Doktoralı İşsizler Kuşağı

Doktoralı İşsizler Kuşağı

Birlikte akşam yemeği yerken, arkadaşım masanın üzerine doğru eğildi.

Kalabalık, gürültülü restoranda, sesini dikkatli bir şekilde alçalttı. Gözleri heyecanla parlıyordu, ama belli belirsiz korku da hissediliyordu.

“Mezuniyetimden sonra Güney Amerika yağmur ormanlarında kar amacı gütmeyen bir pozisyonda çalışmayı kabul ettim, ama henüz profesörüme söylemedim. Eğer zaten işi ayarlamışsam; beni durduramaz, öyle değil mi?”

Başlangıçta bu tutumun yersiz ve o arkadaşıma has olduğunu düşündüm. Neden bir doktora öğrencisi böyle benzersiz bir iş fırsatını profesörüne anlatmak istemez? Ancak zamanla, aynı senaryoyu tekrar tekrar yaşadım. Üstelik sebepsiz de değildi: Sınıf arkadaşlarıma akademik olmayan fırsatlara yönelmelerine izin verilmeyeceği söyleniyordu. Profesörler özel bir biyoteknoloji şirketinde “tezgah maymunu” olma fikrini küçümsüyorlardı.

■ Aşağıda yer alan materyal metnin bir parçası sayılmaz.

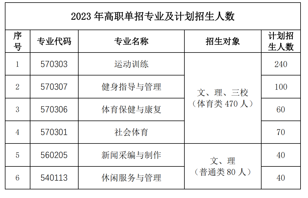 2023年鸭脖高职单招计划招生550人,各专业具体招生名额以上级实际下达计划数量为准;计划6个专业面向高职单招考生招生,其中普通类专业2个:新闻采编与制作、休闲服务与管理;体育类专业4个:运动训练、健身指导与管理、体育保健与康复、社会体育。
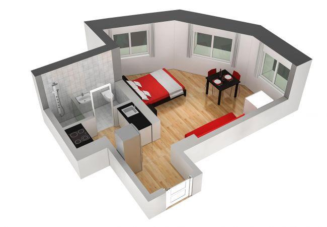 Das geräumige Wohn-/Schlafzimmer ist ausgestattet mit einem Doppelbett und einer gemütlichen Sitzecke zum Essen. In der Küche können Sie Ihre eigenen Gerichte zubereiten. Sie ist ausgestattet mit Herdplatten, Kühlschrank, Kaffeemaschine und vielen weiteren Extras. Natürlich gibt es auch ein privates Badezimmer.
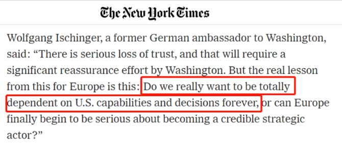 △德国前驻美大使沃尔夫冈·伊申格尔表示,“对欧洲来说,真正的教训是“我们真的想永远完全依赖美国的能力和决策吗?”
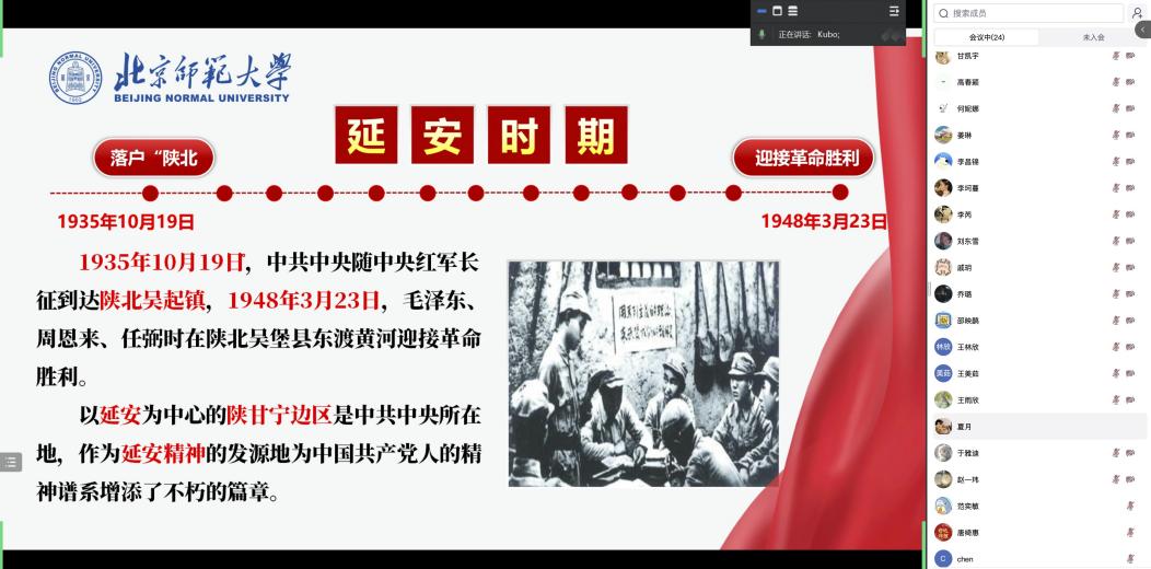 本次专题学习暨主题团日活动邀请了北京师范大学求索学社宣讲团的李骁然讲师,带来了主题为《中国革命走向辉煌的力量之源——延安精神为什么能够永放光芒?》的精彩宣讲。
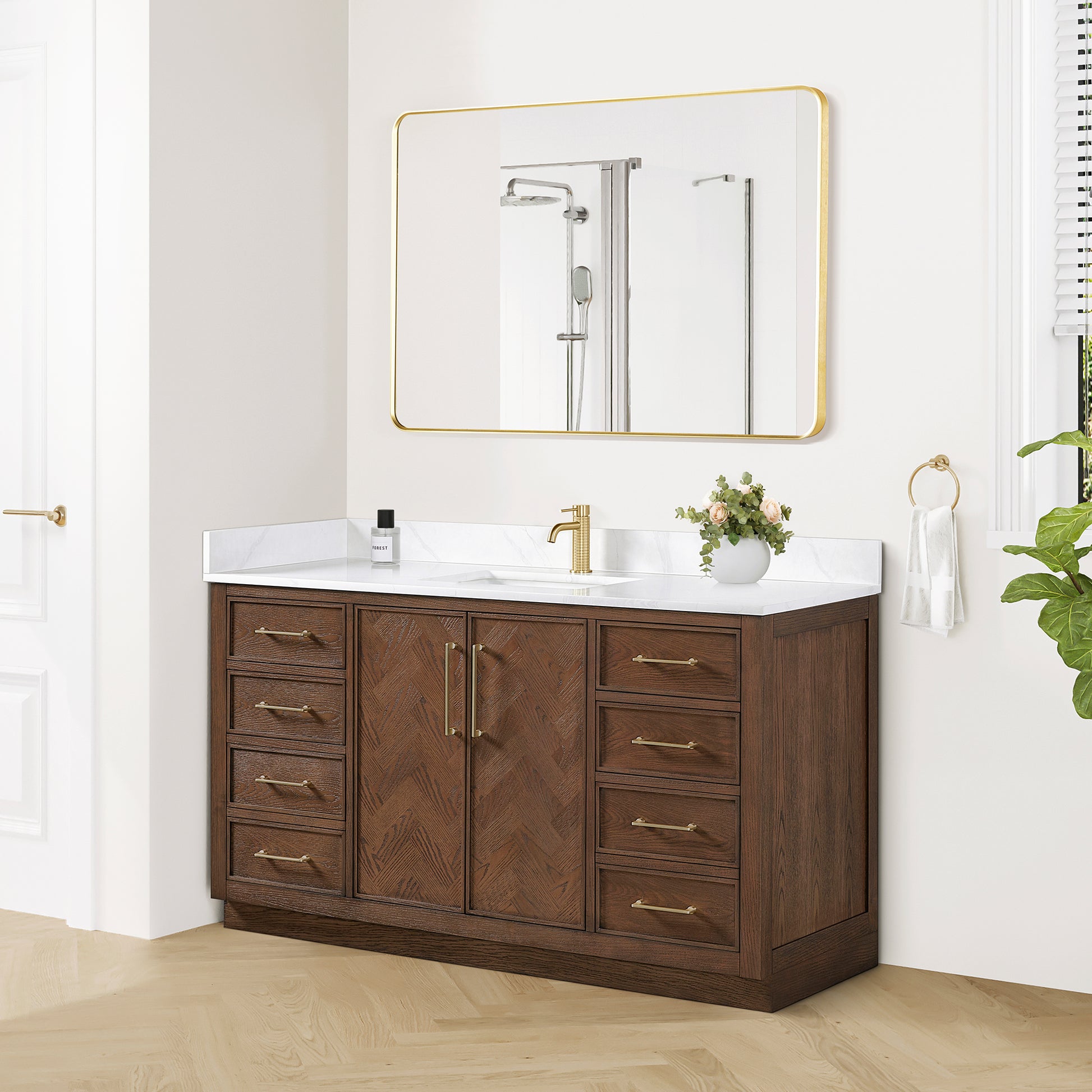 Transform your bathroom with the "Jakarta 60" Freestanding Single Bath Vanity in Aged Dark Brown Oak with Silk White Quartz Stone Top. This stunning vanity combines modern style with functionality, providing ample storage space and a luxurious design.

Doktora programına girdikten sonra, üniversitede tek saygın mesleğin — kolayca tahmin edebileceğiniz gibi — akademisyenlik olduğunu anladım.

Bir araştırma profesörü olmak, doktora öğrencileri için mutlak hedef olarak kabul edilir. Elbette, bunun nasıl onurlu bir şey olduğunu anlamak kolay. Bir insanın hayatını bilim ve keşif umuduyla, bilgiye adaması…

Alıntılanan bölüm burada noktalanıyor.